Em contrapartida, ao mesmo tempo em que a disseminação do preconceito pelos
meios virtuais contribui para a visualização do problema existente, também pode
servir de exemplo para que outros cometam o mesmo crime, fazendo com que este
aumente. Assim, medidas devem ser tomadas para combatê-lo. Cabe às empresas
como Facebook, Twitter, Whatsapp e outras redes sociais criar mecanismos de
denúncia e censura de atos discriminatórios, de modo que qualquer publicação desta
natureza seja facilmente identificada e encaminhada à Justiça. Já ao Estado, cabe
garantir o funcionamento dos princípios previstos no Marco Civil da Internet (Lei
12.965-2014) de respeito aos direitos humanos (Artigo 2, inciso II) e à pluralidade e
diversidade (Artigo 2, inciso III). Contudo, a lei ainda é falha ao afirmar que os
provedores só são responsabilizados por ações de usuários após ordem judicial, o que
dificulta a censura imediata do conteúdo criminoso veiculado on-line. É necessária
uma revisão desse artigo, incluindo-se o racismo aos casos excetuados (como a
publicação de pornografia ou nudez explícita) em que a empresa pode excluir o
material sem precisar de uma incitação anterior.

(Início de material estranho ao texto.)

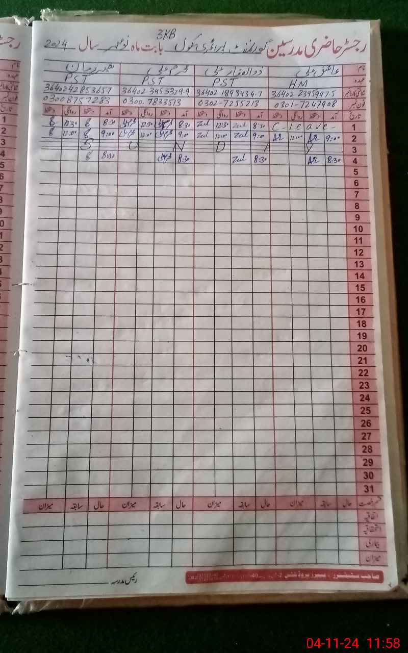 | Name: AS**** AL**** Designation: (School Headmaster's/Headmistress's) PST Phone/Cell Number: 03**** |
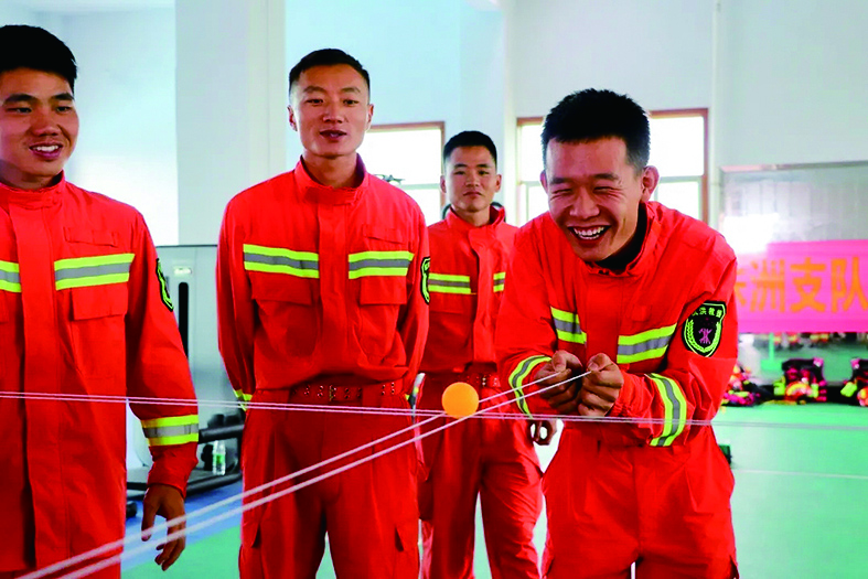 ▲紧张的训练后,消防员在享受趣味运动会带来的欢乐。

Uma vez identificados os agressores,
deve-se punir judicialmente, aplicando-se a pena prevista em lei para racismo (de um
a cinco anos de reclusão), sendo imprescindível tal aplicação. Ainda é importante uma
atuação forte do ativismo negro de forma a expor ainda mais o fenômeno e buscar
conscientização da população a respeito do problema e seu consequente
emponderamento. Páginas no Facebook, levantes e comunidades devem atuar
firmemente no combate, sem cessar. A página Levante Negro”, por exemplo, publica
diariamente vídeos e textos a fim de emponderar seus leitores e problematizar a
questão. Por fim, é de responsabilidade da família conversar e educar os filhos,
gerando consciência sobre o problema do racismo e criando indivíduos que busquem
combatê-lo, e não disseminá-lo. Tais medidas são fundamentais para o combate não
só nas redes sociais, mas também contribuem para a formação de cidadão mais
respeitosos e harmoniosos em todas as vias de interação social.
Deste modo, conclui-se que o papel ambíguo das redes sociais deve-se a ampliação
do poder discursivo do indivíduo conferida por estas e a característica de espelharem
o mundo off-line. Assim, há uma dualidade à medida que cresce a exposição do
preconceito bem como seu combate no mesmo espaço. O racismo nas redes sociais,
portanto, deve ser combatido, em um conjunto de ações que agregue as empresas, o
Estado, o ativismo negro e a família em união. Só com uma sociedade unida e
emponderada em prol da igualdade racial é que poderemos, num futuro, pensar em
uma democracia racial no Brasil. Por enquanto, ela é mito.